I wish I had known then what I know now. We've all heard that expression. Perhaps we have even used it a time or two ourselves. We often think it would've been nice, if at a younger age we'd had the wisdom we now possess Would it really have benefited us though? Would we have known what to do with that wisdom? Probably not. There
is just no substitute for life experience. Yes, some people can pack a lot of life experience into a short timeframe, but the years we live have significant meaning. It is not always the hugely wonderful or hugely traumatic things in our lives that affect us the most. It is the day-to-day living that really teaches us about life, about human nature and interaction. There simply is no substitute for the years we live. We cannot live our lives in fast-forward.
Over time, we learn that our feelings and emotions, so easily swept aside in deference to another at 25 starts to wear us down at age 40(something). It is not as easy to push ourselves into the background any more. We have learned some hard lessons over the years through trial and error and one hard-won lesson is simply this - I matter. Not because I am more important than the next person is, but yet because I am just as important.
For no other reason than because we exist, we are each important. Our thoughts, feelings and emotions are all of significance. The trick is to come to this realization without egotism. When we first begin to come into our feelings of self worth, people around us are going to balk. They are used to us yielding to their will most of the time. This can come as quite a shock to some and we may encounter some resistance. This resistance gives us a chance to evaluate whether we are simply being selfish, and putting ourselves first, or if we are exhibiting a health amount of self-esteem.
I really hope to save my daughter from having to learn the hard way how to assert herself. It would be a beautiful thing for her to know herself from the inside out at a very young age. Maybe she will not ever have to have her heart broken into a thousand tiny pieces to learn what she is worth. Perhaps she will not feel the need to go along to get along in her life. I hope that for her on one hand, but on the other, I know that she probably won’t learn very many lessons if she never feels the growing pains of life.
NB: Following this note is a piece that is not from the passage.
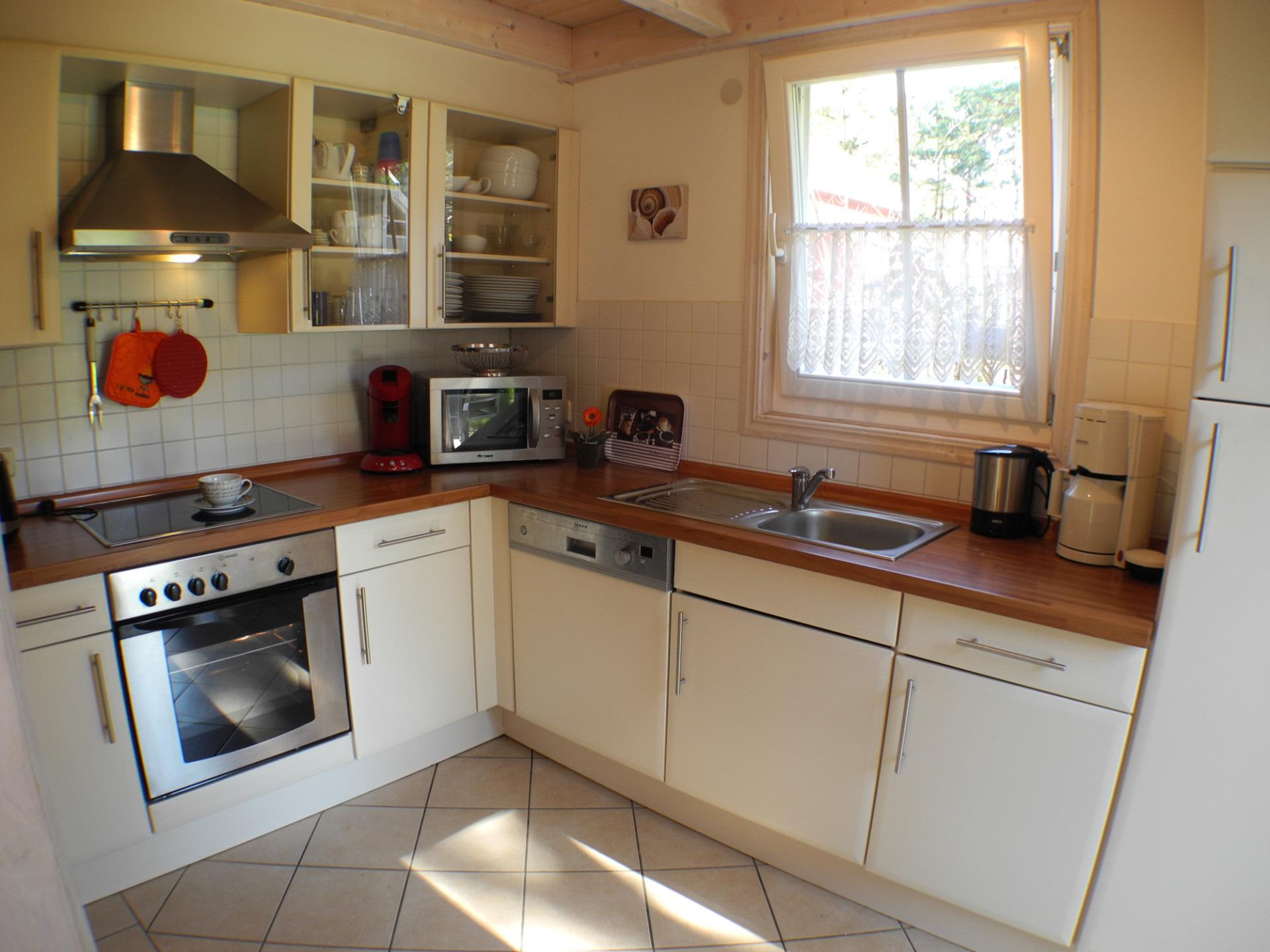 Eine elektrische Fußbodenheizung im Untergeschoss sorgt für angenehme Bodenwärme. Die voll ausgestattete Küche mit Spülmaschine, Senseo-Kaffeemaschine und Mikrowelle lässt keine Wünsche offen. Über Elektroheizkörper sowie einen dänischen Kaminofen lässt sich das Haus beheizen.

I hate that for her. I hate the thought of her having to wrestle with some of the feelings I've had to wrestle with over the years. There is a chance I can save her from some of the painful things, and I will do my best to help her learn those lessons, through my life experience, instead of her own. Self-esteem tempered with humility is the goal I hope to achieve with her.
I sometimes wish that someone had taken me by the hand at 15 or 25 and told me I was beautiful just the way I was. No one ever did that for me at those ages though. That's no one’s fault; it's just how life worked out for me. In retrospect, it is probably for the best. All of that time I spent alone helped me to look inside myself, and find what I needed no just to survive, but also succeed. Self-examination is a good thing. We find within ourselves more than we ever thought we had, certainly more than anyone ever told us we had, and it is what keeps us moving forward.
I hope that I have learned the same lessons I hope to teach my daughter. I earnestly want to model healthy relationship behavior for her. I hope she learns from me that self-esteem equals knowing that I have value and a purpose. Moreover, with self-esteem comes a responsibility, that we temper it with humility, which is knowledge that my worth goes beyond my wants and selfish wishes. Just because I want something does not mean it is for the best. Sometimes the greater good is the best thing for everyone and it takes humility to understand that concept. Yes, self-esteem tempered with humility, that is a good goal for us all, I believe.